Louise Armaindo was one of the earliest professional female cyclists in the United States during the 1890s. She is believed to be among the first women to publicly ride and race a penny-farthing (high-wheel bicycle)—a daring feat at a time when the towering design was considered dangerous even for men, and completely inappropriate for women.

Armaindo competed in grueling endurance races, sometimes riding for hours or days, directly challenging the widespread belief that women were too delicate for athletic competition. Her true gift to women’s bicycling wasn’t just her stamina—it was her visibility. By riding boldly in public, Armaindo helped dismantle medical myths and social fears surrounding women on bicycles.

Tillie Anderson:

Speed, Fame, and Financial Independence


While Armaindo challenged endurance limits, Tillie Anderson shattered speed records. Often called the fastest woman cyclist in the world, Anderson dominated track racing in the 1890s and became one of the highest-paid female athletes of her era.

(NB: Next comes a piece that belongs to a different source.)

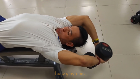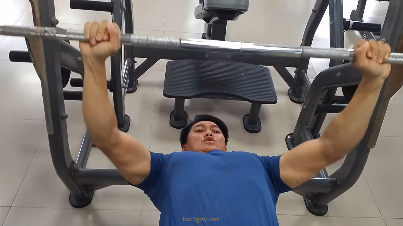 Người tập khi đẩy ta lên trên rồi thì bạn hãy thở ra và tạ xuống thì hít vào để mà có sức đẩy lên.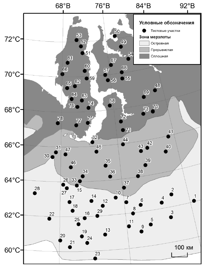 Выбор тестовых участков осуществлялся на основе общепринятого в подобных исследованиях подхода, в местах концентрации термокарстовых озер, т. е. в местах, где возникают условия для развития и формирования очагов термокарста [22]. На каждом тестовом участке (ТУ) по космоснимкам дешифрировалось от нескольких сотен до нескольких тысяч термокарстовых озер. Общая характеристика тестовых участков и их распределение по зонам мерзлоты даны в таблице 1.

Her success proved that women could not only compete at elite levels but also earn a living through sport. Anderson’s popularity helped legitimize women’s bicycle racing and forced promoters, fans, and the press to take female athletes seriously.

The Bicycle as a Tool of Liberation

Together, Armaindo and Anderson helped transform the bicycle into more than transportation—it became a vehicle for independence. Their rise coincided with the women’s suffrage movement, and bicycles gave women mobility, freedom of movement, and even influence over fashion, encouraging more practical clothing.

Susan B. Anthony famously said bicycling had “done more to emancipate women than anything else,” and riders like Armaindo and Anderson were living proof of that statement.

Their Lasting Gift to Women

The greatest gift Louise Armaindo and Tillie Anderson gave women was permission—permission to be strong, competitive, visible, and financially independent. Every woman who rides a bicycle today does so on a path they helped carve, one bold ride at a time.